▸ About this exercise: Retype the lines below exactly, but only those from the line that has "Nun schlafen wir" through the line that has "Cantal Market connects". Omit every picture.

Records for the task START

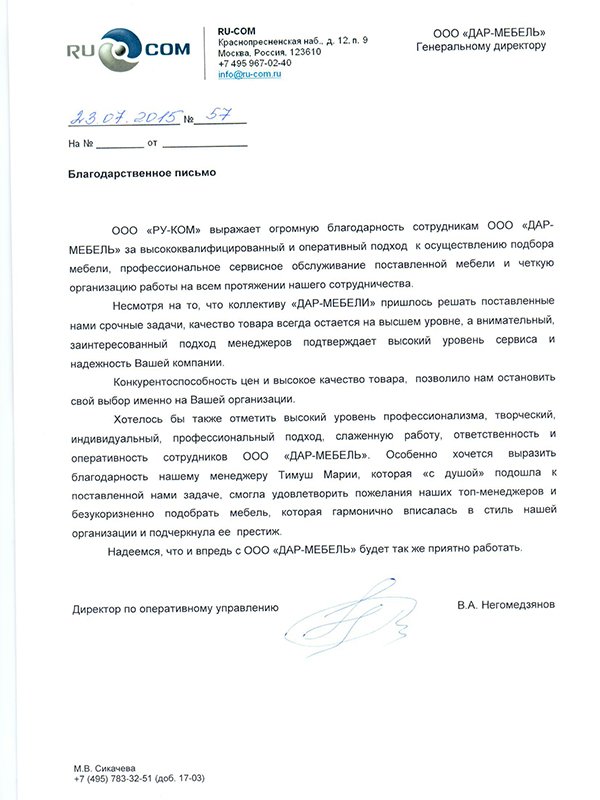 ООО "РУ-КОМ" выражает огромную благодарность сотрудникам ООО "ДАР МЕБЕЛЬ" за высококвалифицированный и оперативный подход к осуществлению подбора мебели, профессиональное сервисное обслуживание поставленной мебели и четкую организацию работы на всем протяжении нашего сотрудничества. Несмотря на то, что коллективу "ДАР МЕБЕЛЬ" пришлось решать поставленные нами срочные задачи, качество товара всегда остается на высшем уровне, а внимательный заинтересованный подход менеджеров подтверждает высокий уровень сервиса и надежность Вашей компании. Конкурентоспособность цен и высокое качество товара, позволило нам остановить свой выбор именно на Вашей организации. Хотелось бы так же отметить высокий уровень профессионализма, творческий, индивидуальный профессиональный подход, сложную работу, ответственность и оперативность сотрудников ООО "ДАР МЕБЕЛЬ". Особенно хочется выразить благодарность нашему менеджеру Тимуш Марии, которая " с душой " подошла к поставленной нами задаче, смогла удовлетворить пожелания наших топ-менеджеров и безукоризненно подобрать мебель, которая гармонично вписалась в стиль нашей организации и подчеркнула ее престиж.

Records for the task END
Records for the task START

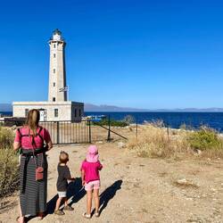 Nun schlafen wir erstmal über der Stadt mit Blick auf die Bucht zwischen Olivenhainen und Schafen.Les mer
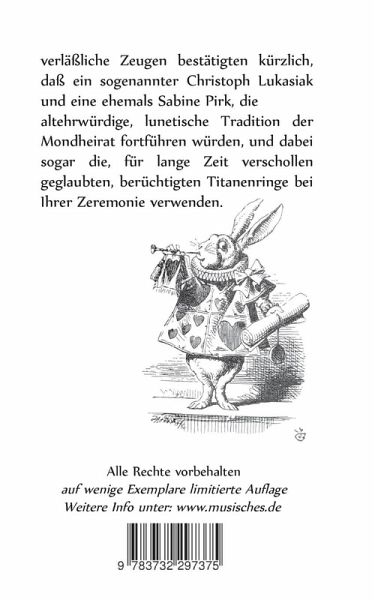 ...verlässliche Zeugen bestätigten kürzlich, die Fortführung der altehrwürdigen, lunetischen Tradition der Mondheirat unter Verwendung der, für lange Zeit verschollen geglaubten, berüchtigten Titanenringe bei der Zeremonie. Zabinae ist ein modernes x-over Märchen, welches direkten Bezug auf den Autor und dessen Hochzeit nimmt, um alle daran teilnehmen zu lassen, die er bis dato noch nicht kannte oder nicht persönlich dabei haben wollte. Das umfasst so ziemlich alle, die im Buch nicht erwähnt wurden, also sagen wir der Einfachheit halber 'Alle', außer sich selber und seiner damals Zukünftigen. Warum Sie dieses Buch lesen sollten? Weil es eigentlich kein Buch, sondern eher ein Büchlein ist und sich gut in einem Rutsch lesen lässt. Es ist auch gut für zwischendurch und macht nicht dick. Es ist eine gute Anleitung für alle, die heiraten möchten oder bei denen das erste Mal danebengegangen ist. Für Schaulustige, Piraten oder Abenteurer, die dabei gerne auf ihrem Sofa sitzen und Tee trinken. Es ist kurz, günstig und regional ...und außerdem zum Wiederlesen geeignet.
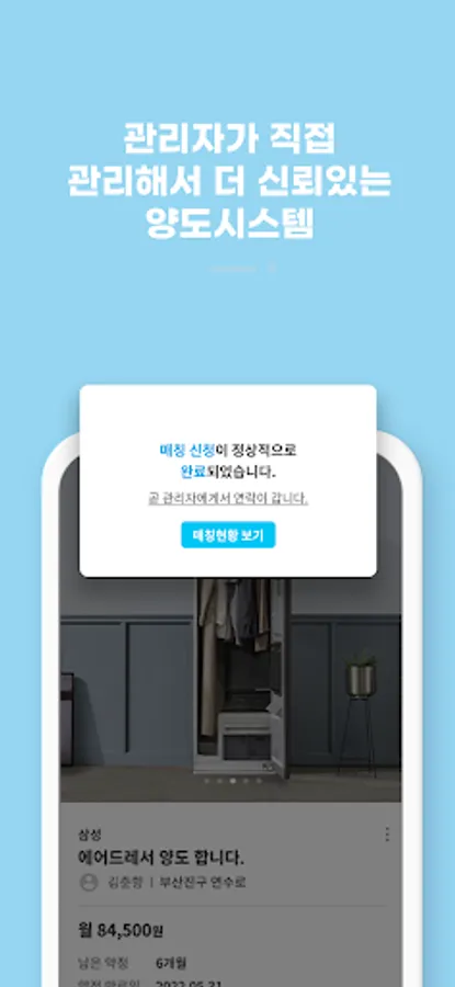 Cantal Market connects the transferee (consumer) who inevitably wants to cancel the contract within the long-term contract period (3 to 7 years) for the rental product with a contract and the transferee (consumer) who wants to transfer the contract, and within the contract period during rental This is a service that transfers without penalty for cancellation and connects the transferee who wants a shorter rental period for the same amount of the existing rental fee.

Records for the task END
Records for the task START

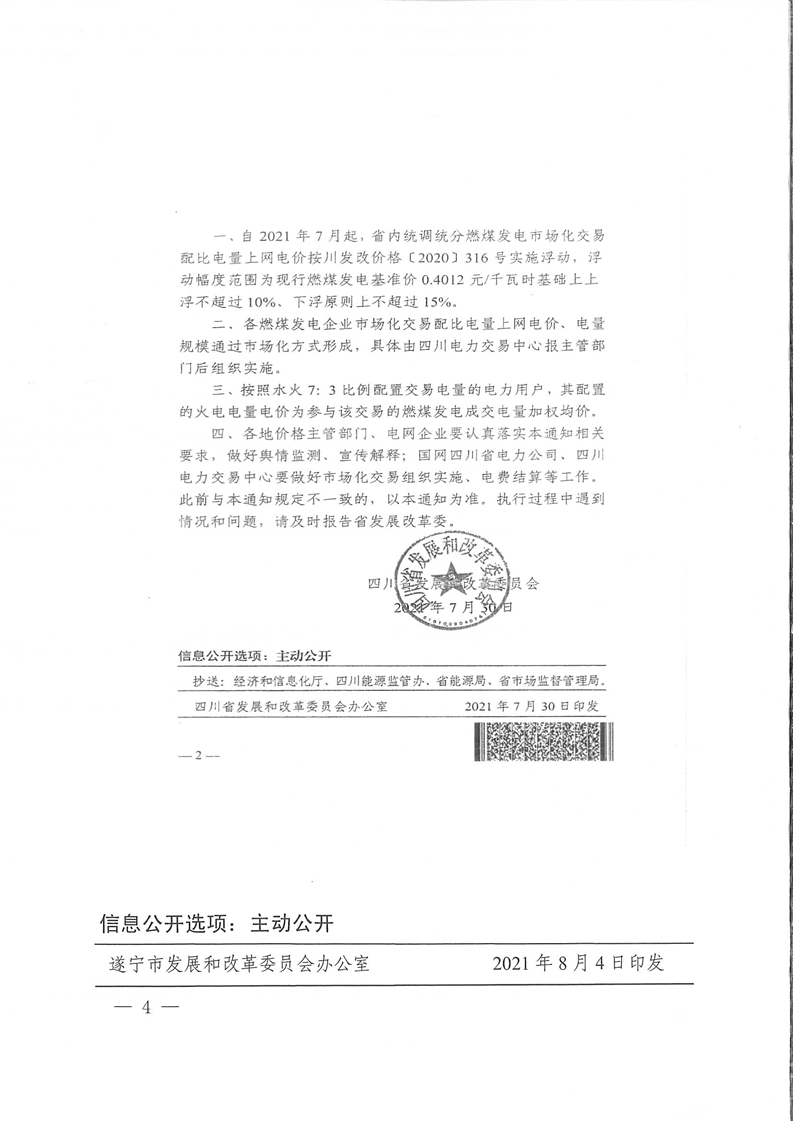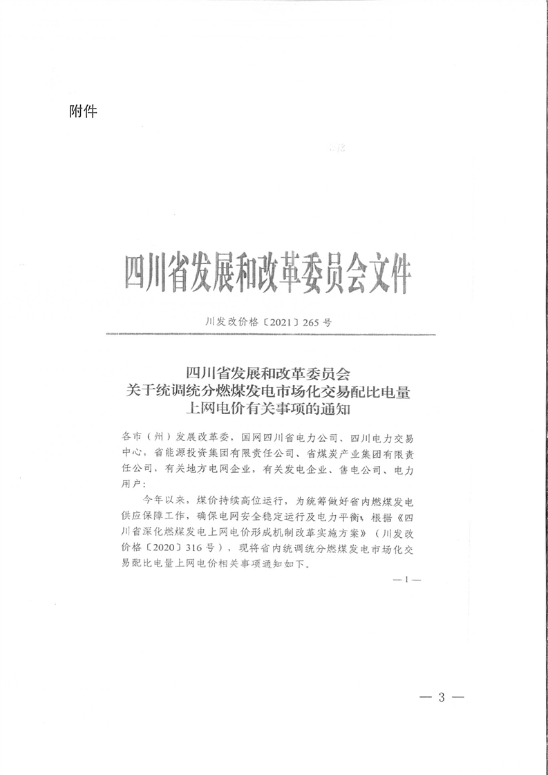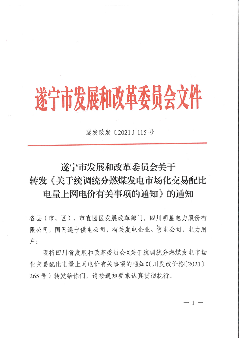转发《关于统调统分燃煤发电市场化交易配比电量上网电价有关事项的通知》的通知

Records for the task END

▸ Solution:
 Nun schlafen wir erstmal über der Stadt mit Blick auf die Bucht zwischen Olivenhainen und Schafen.Les mer
 ...verlässliche Zeugen bestätigten kürzlich, die Fortführung der altehrwürdigen, lunetischen Tradition der Mondheirat unter Verwendung der, für lange Zeit verschollen geglaubten, berüchtigten Titanenringe bei der Zeremonie. Zabinae ist ein modernes x-over Märchen, welches direkten Bezug auf den Autor und dessen Hochzeit nimmt, um alle daran teilnehmen zu lassen, die er bis dato noch nicht kannte oder nicht persönlich dabei haben wollte. Das umfasst so ziemlich alle, die im Buch nicht erwähnt wurden, also sagen wir der Einfachheit halber 'Alle', außer sich selber und seiner damals Zukünftigen. Warum Sie dieses Buch lesen sollten? Weil es eigentlich kein Buch, sondern eher ein Büchlein ist und sich gut in einem Rutsch lesen lässt. Es ist auch gut für zwischendurch und macht nicht dick. Es ist eine gute Anleitung für alle, die heiraten möchten oder bei denen das erste Mal danebengegangen ist. Für Schaulustige, Piraten oder Abenteurer, die dabei gerne auf ihrem Sofa sitzen und Tee trinken. Es ist kurz, günstig und regional ...und außerdem zum Wiederlesen geeignet.
 Cantal Market connects the transferee (consumer) who inevitably wants to cancel the contract within the long-term contract period (3 to 7 years) for the rental product with a contract and the transferee (consumer) who wants to transfer the contract, and within the contract period during rental This is a service that transfers without penalty for cancellation and connects the transferee who wants a shorter rental period for the same amount of the existing rental fee.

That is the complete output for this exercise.